::: MATERIALS PROVIDED :::

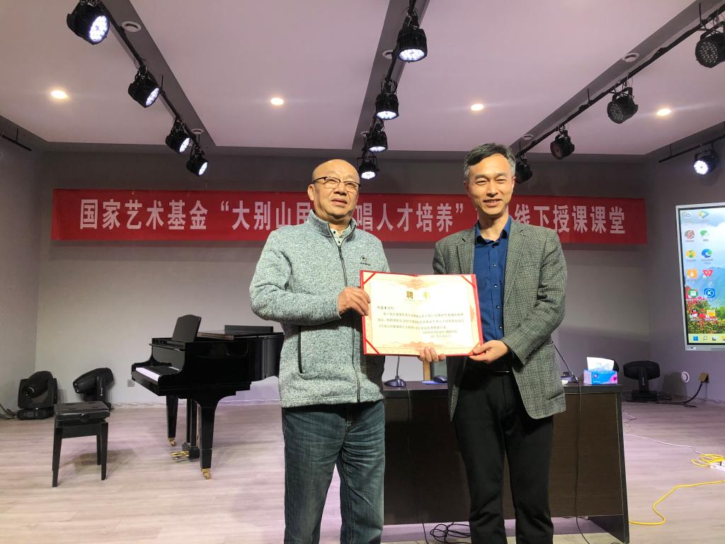 3月14日下午,国家艺术基金“大别山民歌演唱人才培养”线下授课课堂在我校bat365在线中国官网登录入口一楼八音讲堂如期进行。项目合作方艺术总监、国家一级作曲、信阳市音乐家协会刘宏奎主席应我校邀请,进行线下教学。
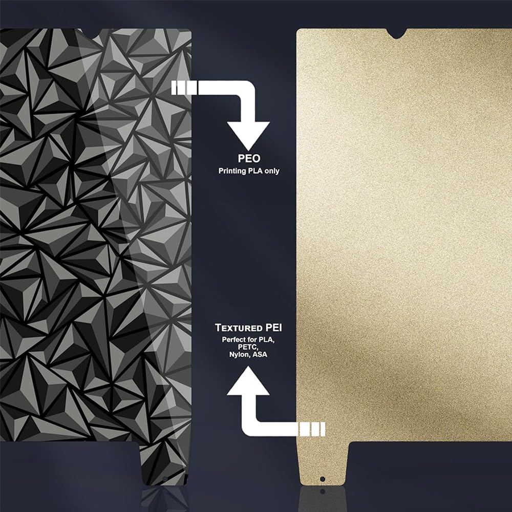 - 【Doppelseitiges strukturiertes PEI und glattes PEO-Bauplattendesign】: Das grosse doppelseitige Plattformblatt bietet breitere Materialkompatibilität und doppelte Lebensdauer im Vergleich zu einseitigen Plattformen. PEI Bettmatte hat eine raue
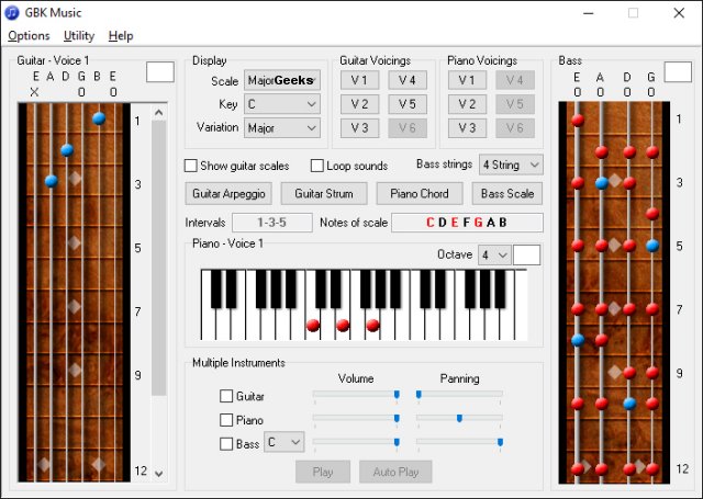 Option to hear 2 or 3 instruments together with the option to change volume and panning - an option also to change bass note in 'Multiple Instruments' plus Auto-Play added in the same section.
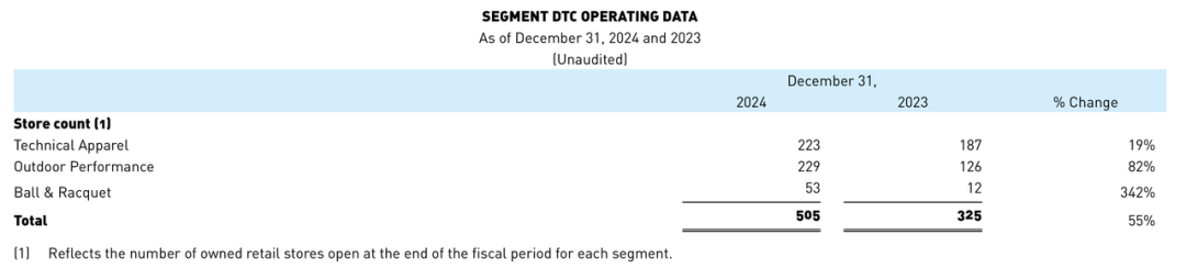 财报中可以看到,过去一年,亚玛芬旗下品牌均在大规模拓店中,以始祖鸟为核心的户外功能性服饰部门自有门店数量达到223家,同比增长19%;以萨洛蒙为核心的山地户外服饰及装备部门门店229家,同比大幅增长82%;以威尔胜为核心的球类及球拍装备部门门店53家,同比增长高达342%。
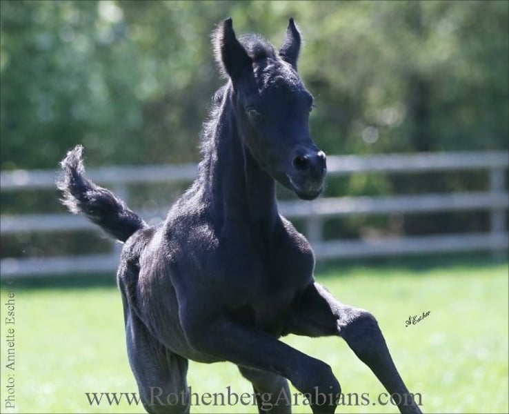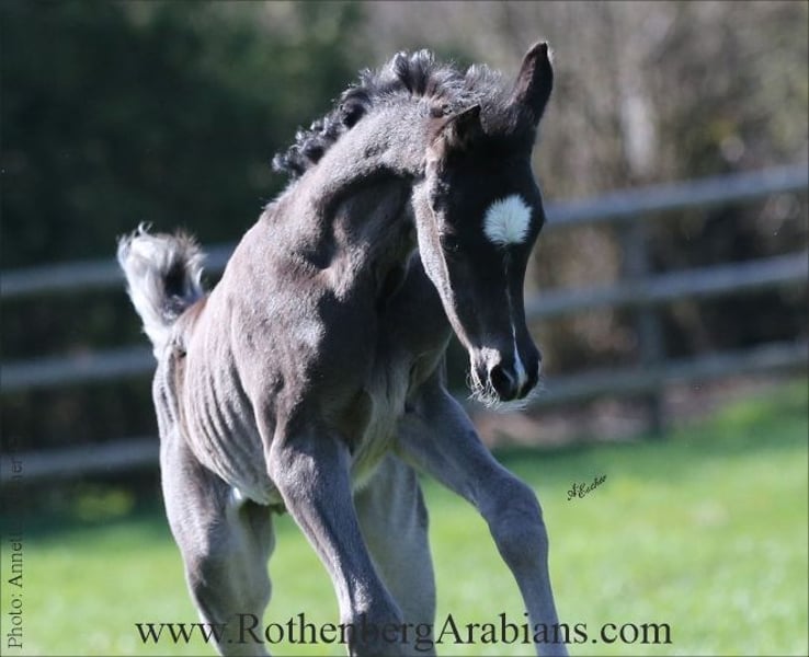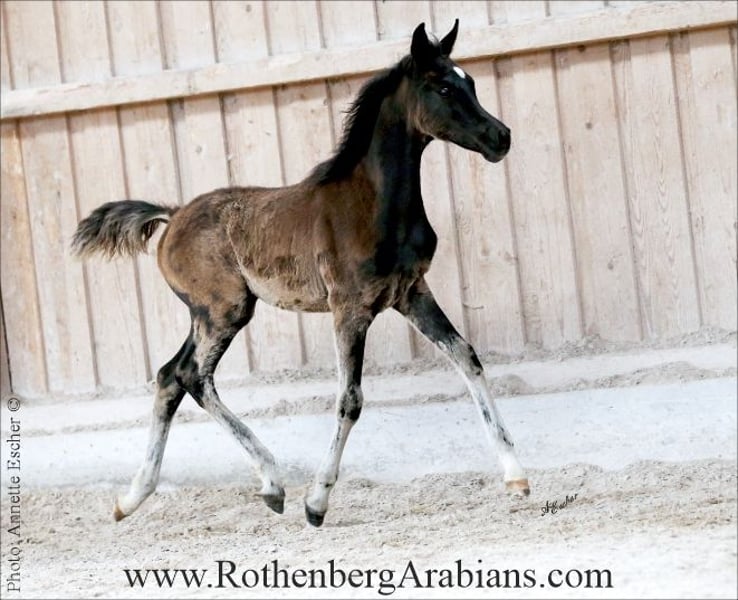 Exotic pretty bay Straight Egyptian yearling filly with black gene for sale! Father is our homebred black stallion GR Madhin (full-brother to our homebred black Champion-mares GR Marietta & GR Marianah; by our black Gold premium foundation stallion Madallan-Madheen), the mother is a daughter of our black Gold premium stallion Maheeb from the same motherline as our “Queen” GR Nashidah! Other exotic typey black, bay & grey Straight Egyptian foals, youngsters and breeding horses for breeding, show and sport for sale! Pearls from worldwide wellknown and successful breeding, famous and proven pedigrees and special people-loving characters! Detailed information, prices and conditions on request, please call at 0049 / 9091 / 3707 or send an e-mail including some information about you - thank you! More information to our breeding-horses and some sale-horses you find at our homepage www.RothenbergArabians.com, other sale-horses (also horses bred and owned by clients) on request! Please also visit us at instagram @RothenbergArabianStud
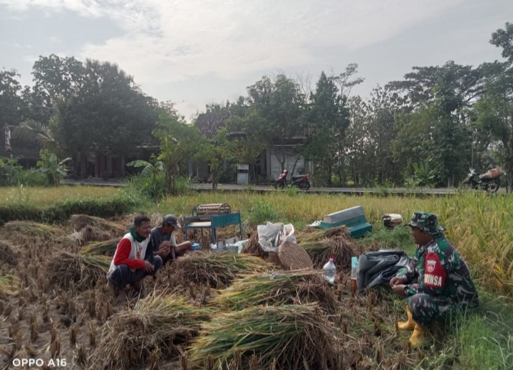 Wujud dukungan TNI khususnya prajurit kewilayahan yaitu Babinsa dalam mendukung ketahanan pangan, dengan Semangat ikut serta terjun langsung ke sawah bantu para petani desa binaannya saat memanen padi, inilah yang dilakukan oleh Babinsa kepada para petani warga desa binaannya.
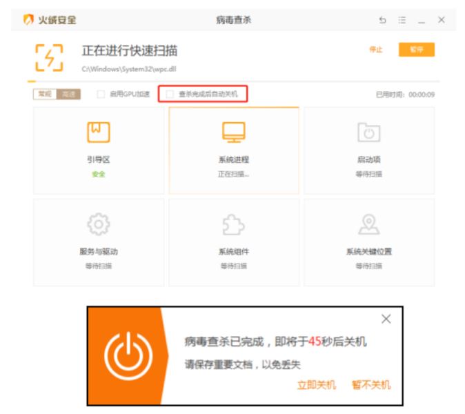 勾选即启用功能。勾选后火绒将自动处理病毒扫描完成后发现的威胁,在威胁处理完成时弹出关机提示 (见下图),关机提示等待的时间为 45 秒,45 秒后将为您自动关闭电脑。您仍在此期间可点击“暂不关机”或“X”以取消自动关机。

:::

TRY IT
Reproduce the records above exactly, but only from the line with "Option to hear" up to and including the line with "Wujud dukungan TNI". Leave the pictures out.

ANSWER SPACE
 Option to hear 2 or 3 instruments together with the option to change volume and panning - an option also to change bass note in 'Multiple Instruments' plus Auto-Play added in the same section.
 财报中可以看到,过去一年,亚玛芬旗下品牌均在大规模拓店中,以始祖鸟为核心的户外功能性服饰部门自有门店数量达到223家,同比增长19%;以萨洛蒙为核心的山地户外服饰及装备部门门店229家,同比大幅增长82%;以威尔胜为核心的球类及球拍装备部门门店53家,同比增长高达342%。
 Exotic pretty bay Straight Egyptian yearling filly with black gene for sale! Father is our homebred black stallion GR Madhin (full-brother to our homebred black Champion-mares GR Marietta & GR Marianah; by our black Gold premium foundation stallion Madallan-Madheen), the mother is a daughter of our black Gold premium stallion Maheeb from the same motherline as our “Queen” GR Nashidah! Other exotic typey black, bay & grey Straight Egyptian foals, youngsters and breeding horses for breeding, show and sport for sale! Pearls from worldwide wellknown and successful breeding, famous and proven pedigrees and special people-loving characters! Detailed information, prices and conditions on request, please call at 0049 / 9091 / 3707 or send an e-mail including some information about you - thank you! More information to our breeding-horses and some sale-horses you find at our homepage www.RothenbergArabians.com, other sale-horses (also horses bred and owned by clients) on request! Please also visit us at instagram @RothenbergArabianStud
 Wujud dukungan TNI khususnya prajurit kewilayahan yaitu Babinsa dalam mendukung ketahanan pangan, dengan Semangat ikut serta terjun langsung ke sawah bantu para petani desa binaannya saat memanen padi, inilah yang dilakukan oleh Babinsa kepada para petani warga desa binaannya.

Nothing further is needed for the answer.